PROBLEM TO WORK ON: Going down the data below, set down exactly the line with "મંદિરોએ આશિર્વાચન પાઠવ્યા" and each line after it through the line with "કથાનો બહોળી સંખ્યામાં"; no other lines.

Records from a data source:

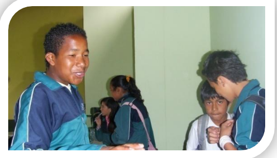
Figura 13. “Cuéntame lo que te contaron”

Fotografías - historias narradas por los niños.
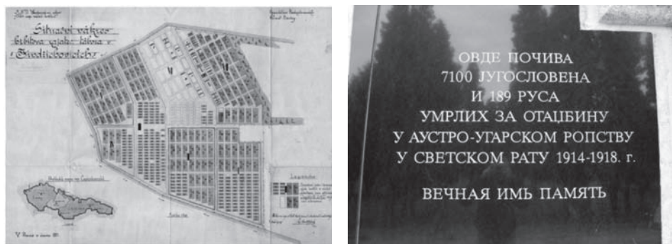
Сл. 11. Ситуациона скица гробља логора (1 : 200) и плоча на спомен-костурници у Јиндриховицама [Архив Југославије 1921а].

Међутим, ни до данас сва тела нису ексхумована. Поред ове спомен-костурнице, у једној шуми на око 5 км удаљености и сада постоји део гробља са око 1.600 гробова, од којих је преко 100 српских. Разлика се види и из броја гробних места и броја ексхумованих из гробља. Остали су највероватније Италијани, јер се „Италија држала назора да мртви треба да остану тамо где су сахрањени, док се Југославија приклонила француском начину решавања ратних гробља, а то значи ексхумацији и преношењу у костурницу” [Begenanová & Bružeňák 2012]. Али још увек велики број неексхумованих српских страдалника и даље лежи на гробљима, као што су она у Пардубицама (Pardubice) – 102, Опави (Opava) – 82, у Терезину (Terezín) – Алеја нација – 29, и др. у данашњој Чешкој Републици.
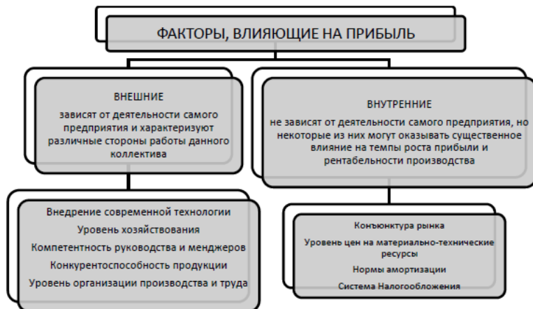
Рисунок 3 - Факторы, влияющие на прибыль
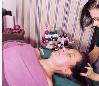
KOBIDO ET GUIR CHEVELU 1 heure 30 mn 180 €
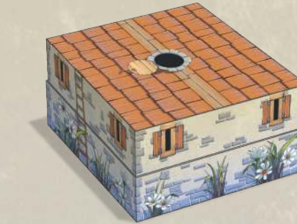
1 коробка с мышиным домом
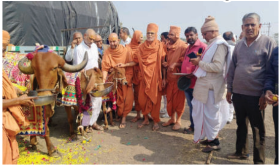
મંદિરોએ આશિર્વાચન પાઠવ્યા હતા. તેમજ ગૌ પૂજન અર્ચન કાર્યક્રમનું

કથાનો બહોળી સંખ્યામાં હરિભક્તો લાભ લઈ રહ્યાં છે. પંચદશાબ્દિ મહોત્સવ દિવસે-દિવસે ભવ્ય અને દિવ્ય બનતો જાય છે. ત્યારે આ મંગલ કાર્ય વિશ્વકલ્યાણના હેતુલક્ષી મહોત્સવના ત્રીજા દિવસે મહાપૂજાનું આયોજન કરવામાં આવ્યું હતું. જેમાં ભાવિક ભક્તો દ્વારા આ કાર્ય ધામધૂમથી અને ઉલ્લાસપૂર્વક કરવામાં આવ્યું હતું. આ અવસરે પધારેલા સંતો અને
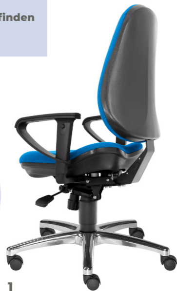
1 M Gestellfarbe schwarz, mit Alu-Fußkreuz [55]

Eine Übersicht der verfügbaren Stoffe finden Sie am Katalogende.
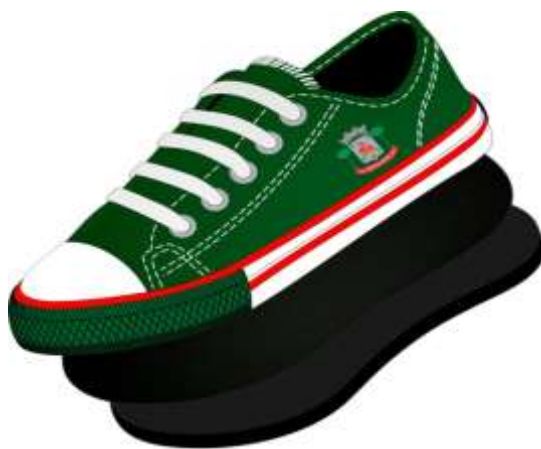
Vista externa (Foto Ilustrativa)

Por se tratar de um produto em produção fabril, exige-se que as dimensões dos calçados acompanham os padrões comerciais baseados na escala francesa cujo fator de conversão é 0,66667 centímetros de número a número. A medida realizada em calçado já confeccionado deverá ser efetuada na palmilha amortecedora ou palmilha de overloque, com variação permitida de 3% (+/-). Deve ter o Brasão do órgão aplicado na Lateral do Tênis. A marca da amostra deverá ser a mesma constante na proposta de preços junto com os laudos e consequentemente deverá permanecer inalterada durante toda a vigência da ata de registro de preços, sob pena de desclassificação e/ou cancelamento da ata.
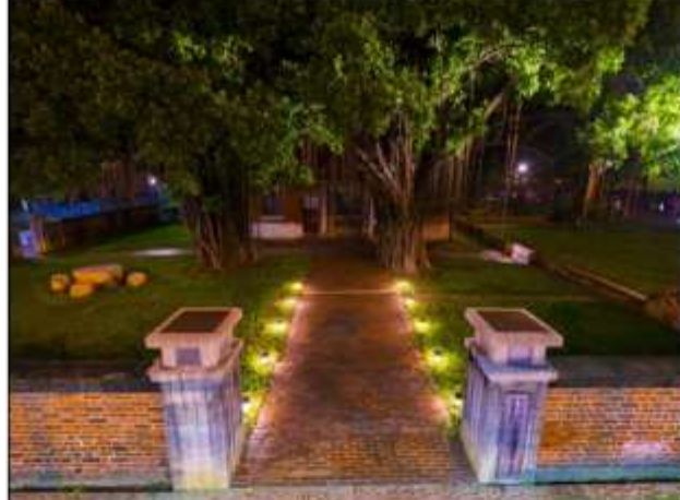
維悅廣場/圖騰『漩渦』

ANSWER BELOW:
મંદિરોએ આશિર્વાચન પાઠવ્યા હતા. તેમજ ગૌ પૂજન અર્ચન કાર્યક્રમનું

કથાનો બહોળી સંખ્યામાં હરિભક્તો લાભ લઈ રહ્યાં છે. પંચદશાબ્દિ મહોત્સવ દિવસે-દિવસે ભવ્ય અને દિવ્ય બનતો જાય છે. ત્યારે આ મંગલ કાર્ય વિશ્વકલ્યાણના હેતુલક્ષી મહોત્સવના ત્રીજા દિવસે મહાપૂજાનું આયોજન કરવામાં આવ્યું હતું. જેમાં ભાવિક ભક્તો દ્વારા આ કાર્ય ધામધૂમથી અને ઉલ્લાસપૂર્વક કરવામાં આવ્યું હતું. આ અવસરે પધારેલા સંતો અને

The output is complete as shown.